Monday, 14 May 2012

Mosquitoes and Vaccinations

I was on the bus to Seoul at 7:20am on Saturday morning en route to get my travel vaccinations. I had already received my Hepatitis A and Typhoid jabs before coming to Korea but needed a Hepatitis B shot and a Japanese B Encephalitis shot. I found a clinic in the foreigner friendly area of Seoul called Itaewon that specialises in travel medicine for expats in Korea and booked an appointment. I slowly made my way from the Dong Seoul Bus Terminal across the city on the subway to Itaewon. My appointment was at 11am and I had some time to kill when I arrived which I spent walking around listening to my iPod and scouring the shelves of ‘What the Book’, an English language bookstore in the area.

The clinic was on the fifth floor of a tall apartment building to the north of Itaewon. It was busy inside and the only customers in the clinic appeared to be foreigners. The receptionists spoke very good English and took some of my details down. They took my height and my weight and checked my blood pressure and then proceeded to take me through for a travel consultation with the doctor. The doctor was a friendly middle aged Korean man with fluent English and we discussed my requirements.
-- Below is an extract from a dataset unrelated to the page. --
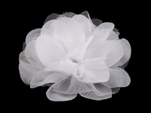 Elegantní květ se zdobeným středem je složený ze 2 vrstev tužšího monofilu s jemným perleťovým leskem.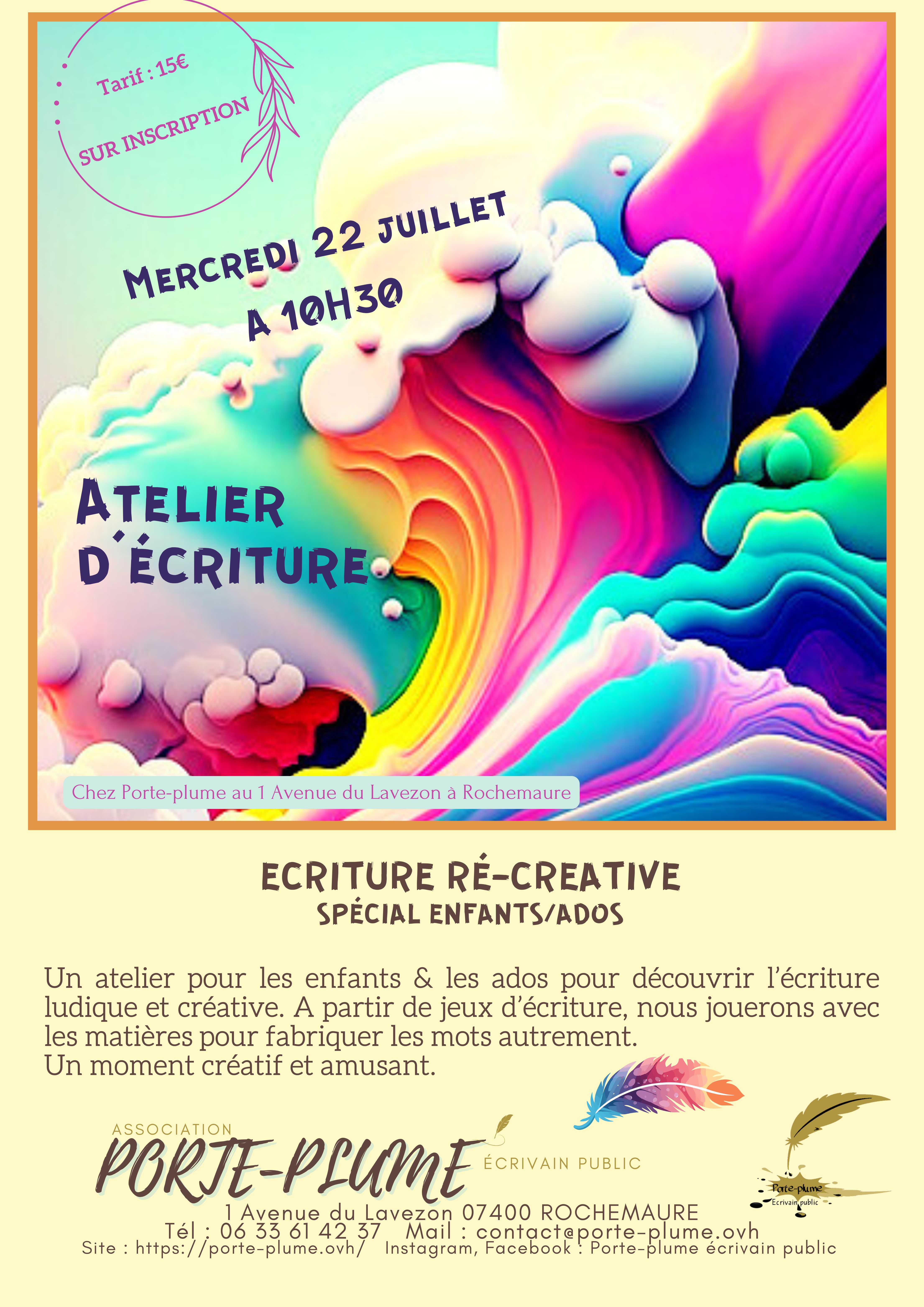 Atelier d'écriture ludique et créative pour enfants et ados.

He recommended that I got the vaccines that I had assumed I would need and also recommended I take some malaria medication as it is endemic through the entire country of Laos.

The doctor mentioned two malarial medications, Malarone and Doxycycline. Malarone is expensive but pretty much side effect free and Doxycycline is cheap but has numerous side effects including sun sensitivity, headaches and upset stomachs. I asked the price difference and decided to opt for the more expensive drug. I’d rather not have my holiday thwarted by an onset of the shits. I'm not at all queasy about needles and I quite enjoy the tension in the air in those few moments before the needle penetrates your skin. One in each arm this time. Lovely. I left the clinic after having my vaccinations and went to the pharmacy to pick up my malarial prescription.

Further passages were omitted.